Идея «искусства-жизнетворчества», развиваемая Вяч. Ивановым и его
единомышленниками, определяет ряд неповторимых черт миросозерцания
младосимволистов и отражающих его художественных форм. По сравнению
со старшими символистами, младосимволисты идут гораздо дальше и глубже
в мистически полном освоении действительности, опираясь на монадологию
Лейбница: «все согласуется и дышит одно в другом».
Этим объясняется и неразрывная взаимосвязь всех произведений
младосимволистов, которые, по мысли М. М. Бахтина, следует рассматривать
не внутри поэтики, а на пересечении поэтики, философской эстетики и
религиозно-социальной онтологии.
Критические работы Вяч. Иванова — органическое явление в культуре
«серебряного века». Они являются отражением основной парадигмы
эстетической мысли ХХ века, соединившей поэтическую и философскую
рефлексии. Универсализм же мышления автора определяет оригинальность
его прозы, жанр которой трудно атрибутировать.
Основной корпус прозы Вяч. Иванова состоит из трех книг: «По звездам»,
«Борозды и межи», «Родное и вселенское», составленных автором из статей,
написанных в разные годы, но отражающих путь духовного развития
Иванова-мыслителя и неразрывно связанных с его лирикой. К ним
примыкают итоговые для писателя вещи: «Переписка из двух углов»
(полемика о дальнейших путях культуры в страшные годы революции) и
диссертация
«Дионис
и
прадионисийство»,
сконцентрировавшая
многолетние размышления о культуре как религиозной эманации. У истоков
— статьи о Дионисе, окончательно оформленные в книгу «Эллинская
религия страдающего бога».
1
Книги Вяч. Иванова стали не просто сборниками произведений,
созданных в определенный период (хронологический принцип в них не
всегда соблюдается). «По звездам» (1909) — рассуждение о месте человека в
жизни; «Борозды и межи» (1916) — выстраивание закономерностей развития
общечеловеческих общностей и их раскрытие в теории символической
культуры; «Родное и вселенское» (1917) целиком посвящено «рассмотрению
судеб вселенских».
Идея о главном назначении человека, его тайне — в основе статьи
«Мысли о символизме (экскурс «О секте и догмате»). Тайна — точка, «где
религия всегда умещалась в большом и истинном искусстве; ибо Бог на
вертикали Человека» [4: II, 614]. Поэтому и строение прозы Вяч. Иванова
едино со структурой мелопеи «Человек», которую автор определял как
знаковую в своем творчестве. В ней он завершал гегелевско-соловьевскую
систему триады: «Аз есмь», «Ты еси», «Два града» (тон последней части
апокалиптический).
Как Блок сознательно сконструировал свои стихи в «трилогию
вочеловечивания», так и Вяч. Иванов стремился отразить вехи своего
духовного становления в композиционной организации сборников прозы,
имеющих глубоко символические названия. Он писал в предисловии к
сборнику «Борозды и межи»: «Эта вторая книга избранных “эстетических
и критических опытов” продолжает развивать единое миросозерцание,
основы которого уже намечены в первой (“По звездам”). Миросозерцание
живо — поскольку оно рождает новые стремления; зрело — поскольку
обретает в себе закон» [7: 1].
В основе миросозерцания Вяч. Иванова и создаваемой им философии и
эстетики младосимволизма — два основных постулата: необходимость
формирования религиозного «соборного» сознания, построение Вселенской
Церкви, и создание теургического искусства, преображающего жизнь на
Земле. Книги Вяч. Иванова отражают становление духа автора, его рост и
мужание, развитие смелой философской мысли, восходящей к пророчеству.
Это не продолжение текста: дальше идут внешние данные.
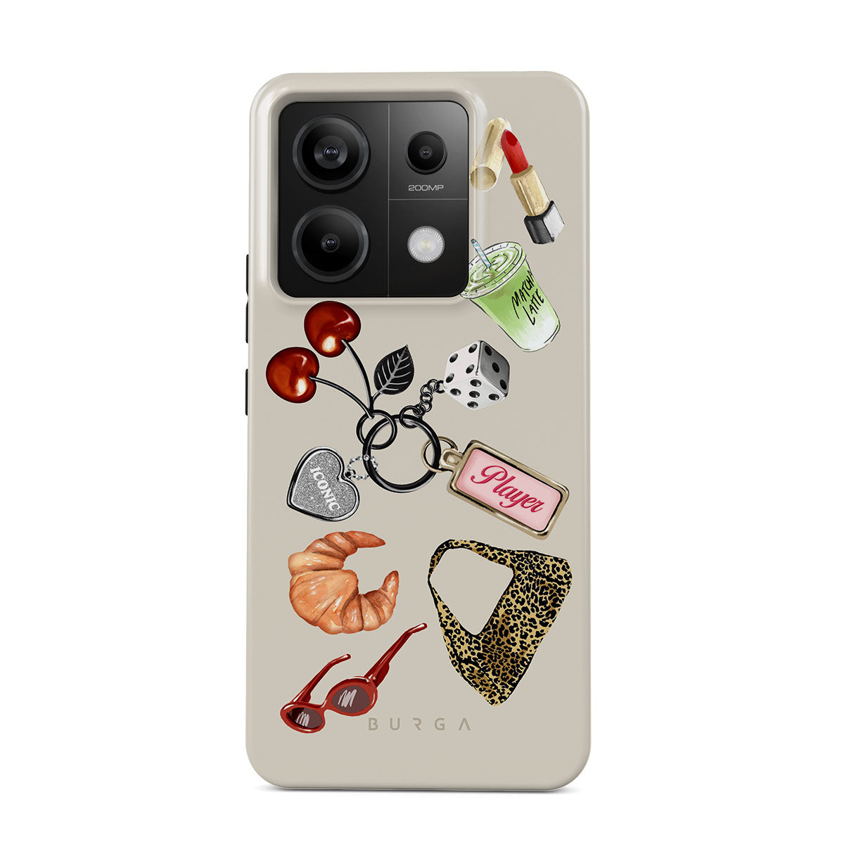 Den här stilen har: röda solglasögon, rött läppstift, grön matcha-dryck, croissant, svarta tärningar, leopardmönstrad väska, nyckelring med silverhjärta, körsbär, tärningar och "Player"-tag.

На сложность пути Вяч. Иванова указывали и его современники, и
исследователи наших дней, справедливо связывая его искания с
общефилософскими и художественными поисками эпохи. Андрей Белый
писал: «Пробегая градацию взглядов Иванова по статьям за 14 лет, видим
мы: от темнотного становленья, от “как” и примата динамики
направляется он к свету истины, ставшей, статической (“Res” религии,
онтологический догмат); от Гераклита, от Вагнера, Ницше идет он то к
истине Августина, то к истине Православия…» [1: 259].
К сожалению, в изданиях произведений Вяч. Иванова в ХХ веке этот факт
не учитывается. Редакторы брюссельского собрания сочинений
Вяч. Иванова, самые близкие и тонко чувствующие его люди Дмитрий
Иванов и Ольга Дешарт, объясняют принцип расположения статей их
привязанностью к лирическим произведениям. «По отношению к стихам
такие идеологические статьи, — пишет в Послесловии О. Дешарт, —
представляют собой как бы их интерпретации; таким интерпретациям
2
естественно следовать за соответственными художественными
произведениями. Поэтому мы после книг лирики приводим эстетические и
философские статьи, им современные; а из статей критических и
литературных составляем отдельный том» [5: I, 843].
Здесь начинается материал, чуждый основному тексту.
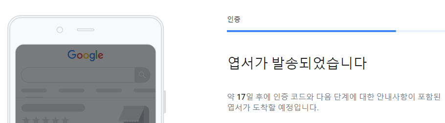 약 17일내에 우편으로 인증코드를 보내준다고 한다.

Принципа тематического распределения статей придерживаются и
издатели произведений Вяч. Иванова в России.
Стремление увидеть творчество писателя в целом требует учитывать
именно то, что оставлено самим автором. Следует помнить и о таких
особенностях поэтики символизма, как установка на исповедальность и
стремление к цикличности. Жизнь у символистов почти неотделима от
творчества. Миг осознается как отражение бытия.
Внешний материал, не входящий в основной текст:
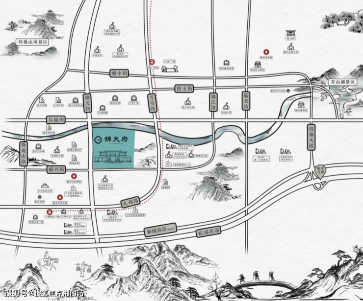 傲立锦城、锦南两大片区黄金交界处、地铁16号线九州街站为邻,锦天府——东坡先生的院子,在城市的山水与立体的路网之间,构筑起生活该有的诗意与高级烟火气。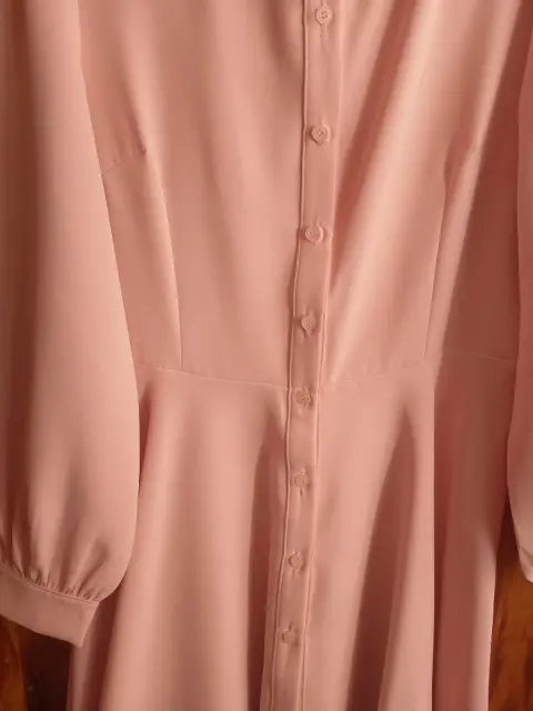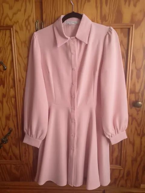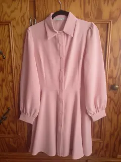 Que lindo. Bonito vestido color palo de rosa, manga larga, sencillo pero elegante, nuevo sin etiqueta

То, что для Вяч. Иванова «По звездам» (как и последующие книги) не
просто сборник статей, а веха духовного пути, свидетельствует посвящение
ее Л. Д. Зиновьевой-Аннибал во время переживания утраты любимой: «Если
эти гаданья двоих по тем же звездам (ибо вместе гадали мы по ним о путях
духа до ночи, когда бессмертные Пламенники призвали Тебя от темной
Земли) единой душе помогут расслышать ее внутреннее Слово и с
сочувствием вспомнит читающий о том, кто написал вспыхнувшие в нем
строки: да будет не мне тот дар, но имени раскрывшей во мне мое
нерожденное Слово» [6: 3].
Так определяется внутренняя цельность книги, обусловленная глубоко
интимным
переживанием
рождения
Платонова
«младенца»
—
иррациональной части души, подлинного родника духовной жизни — и
стремление автора поделиться богатством с другими.
Вяч. Иванов скромно определяет жанр своей первой книги: «статьи и
афоризмы», но смысл и содержание ее неизмеримо глубже.
Вернувшийся на родину после долгого отсутствия, но уже известный в
элитарных кругах как ученый-эллинист, как автор сборника «Кормчие
звезды», благословленного самим Вл. Соловьевым, он становится одним из
самых видных представителей культуры и постепенно выдвигается как
теоретик новой ветви символизма — младосимволизма.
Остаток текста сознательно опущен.